▼

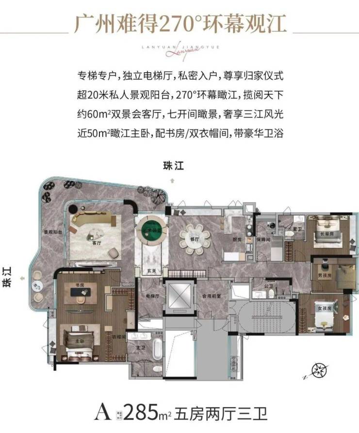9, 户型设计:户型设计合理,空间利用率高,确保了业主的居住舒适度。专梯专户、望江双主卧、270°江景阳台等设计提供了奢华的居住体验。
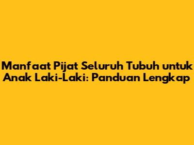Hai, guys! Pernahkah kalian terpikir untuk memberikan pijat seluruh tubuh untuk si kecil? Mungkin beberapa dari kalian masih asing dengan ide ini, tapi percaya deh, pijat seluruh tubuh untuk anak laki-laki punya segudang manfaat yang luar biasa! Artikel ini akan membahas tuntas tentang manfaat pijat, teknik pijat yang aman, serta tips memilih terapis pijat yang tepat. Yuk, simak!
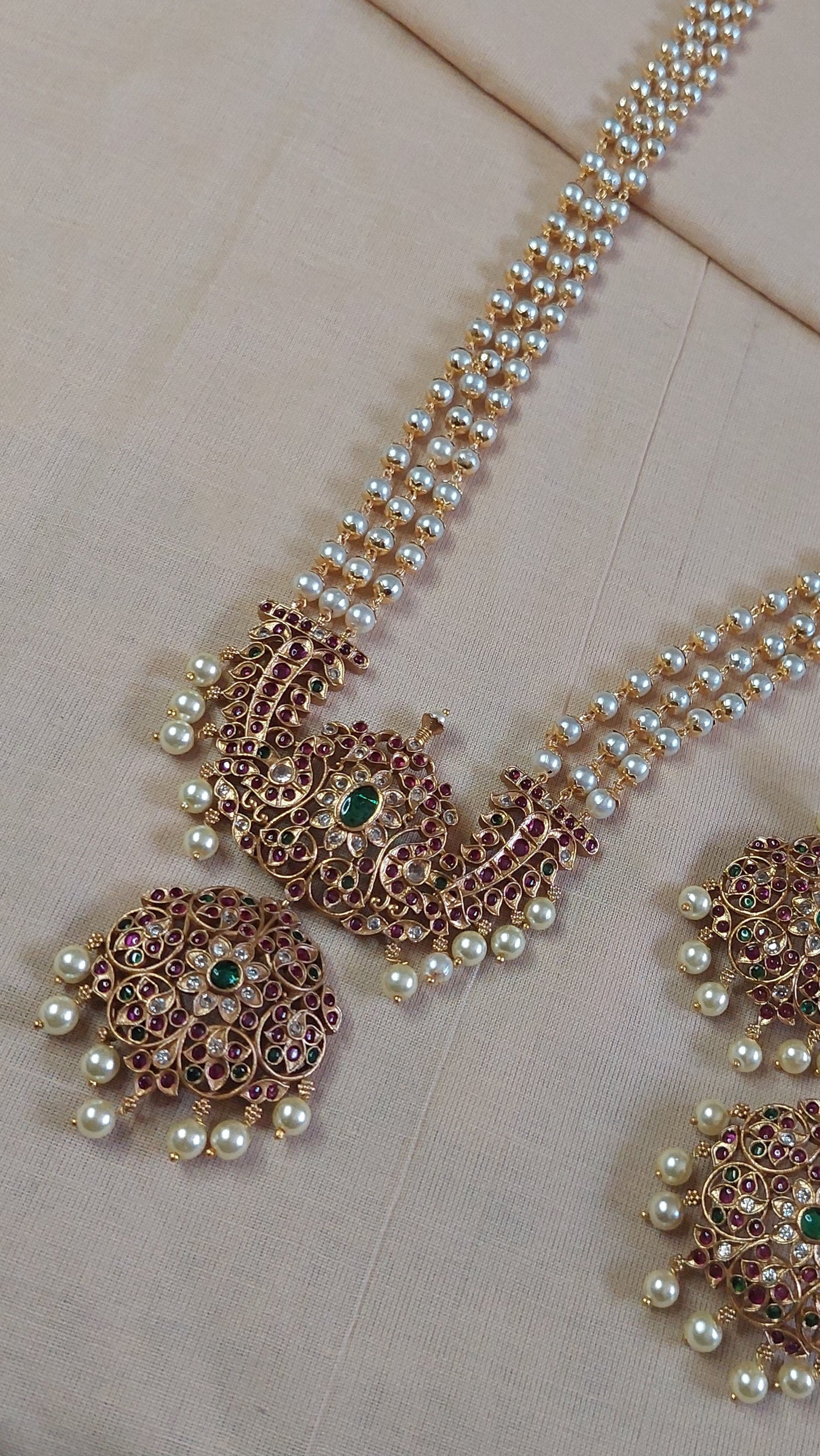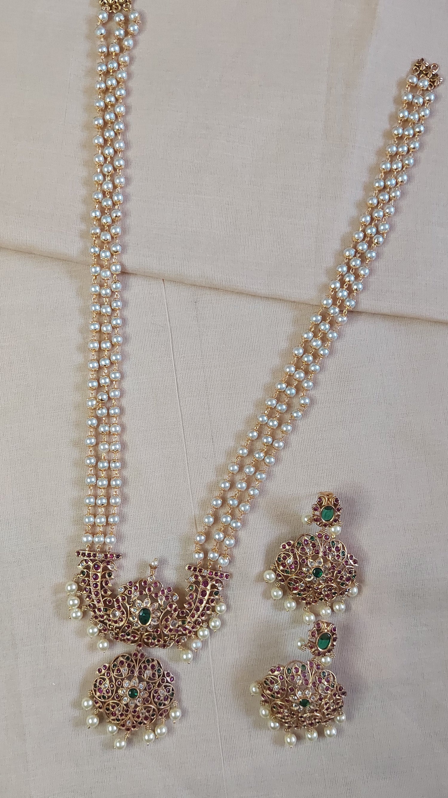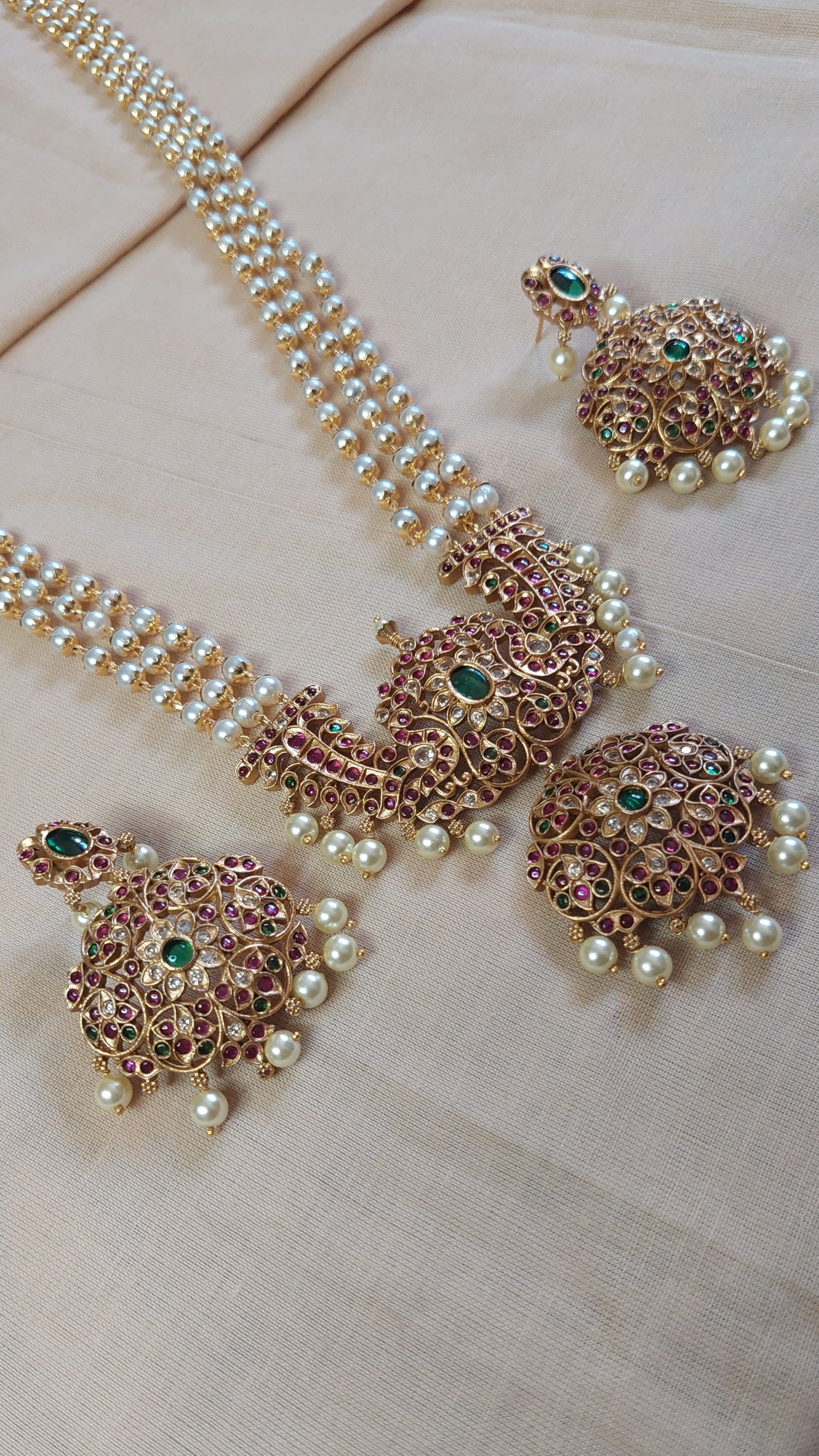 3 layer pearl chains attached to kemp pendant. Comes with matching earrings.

▲
▼

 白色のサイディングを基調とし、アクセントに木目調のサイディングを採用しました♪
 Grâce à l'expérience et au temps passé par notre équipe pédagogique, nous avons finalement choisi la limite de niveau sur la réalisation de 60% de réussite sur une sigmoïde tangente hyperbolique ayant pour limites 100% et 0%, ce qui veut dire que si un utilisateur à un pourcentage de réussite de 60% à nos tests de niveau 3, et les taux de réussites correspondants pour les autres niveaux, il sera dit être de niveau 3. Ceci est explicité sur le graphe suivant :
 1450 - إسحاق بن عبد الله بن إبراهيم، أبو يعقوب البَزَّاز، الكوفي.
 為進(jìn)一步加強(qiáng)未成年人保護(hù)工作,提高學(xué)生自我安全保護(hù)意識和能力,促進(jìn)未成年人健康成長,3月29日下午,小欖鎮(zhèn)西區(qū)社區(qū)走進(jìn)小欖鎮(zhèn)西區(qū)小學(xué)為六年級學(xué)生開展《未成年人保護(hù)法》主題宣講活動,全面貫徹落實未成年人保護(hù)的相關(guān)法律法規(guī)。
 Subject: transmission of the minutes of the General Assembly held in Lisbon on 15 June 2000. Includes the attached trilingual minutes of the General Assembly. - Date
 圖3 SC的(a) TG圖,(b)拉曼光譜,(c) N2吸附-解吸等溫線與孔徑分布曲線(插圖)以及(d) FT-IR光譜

▲

* _WHAT YOU ARE ASKED TO DO_
Could you repeat exactly the lines in the listing above from the one with "為進(jìn)一步加強(qi" down to the one with "圖3 SC的(a) TG圖,(b)拉曼光譜,(c)"? Include both of those lines.

* _RESULT_
 為進(jìn)一步加強(qiáng)未成年人保護(hù)工作,提高學(xué)生自我安全保護(hù)意識和能力,促進(jìn)未成年人健康成長,3月29日下午,小欖鎮(zhèn)西區(qū)社區(qū)走進(jìn)小欖鎮(zhèn)西區(qū)小學(xué)為六年級學(xué)生開展《未成年人保護(hù)法》主題宣講活動,全面貫徹落實未成年人保護(hù)的相關(guān)法律法規(guī)。
 Subject: transmission of the minutes of the General Assembly held in Lisbon on 15 June 2000. Includes the attached trilingual minutes of the General Assembly. - Date
 圖3 SC的(a) TG圖,(b)拉曼光譜,(c) N2吸附-解吸等溫線與孔徑分布曲線(插圖)以及(d) FT-IR光譜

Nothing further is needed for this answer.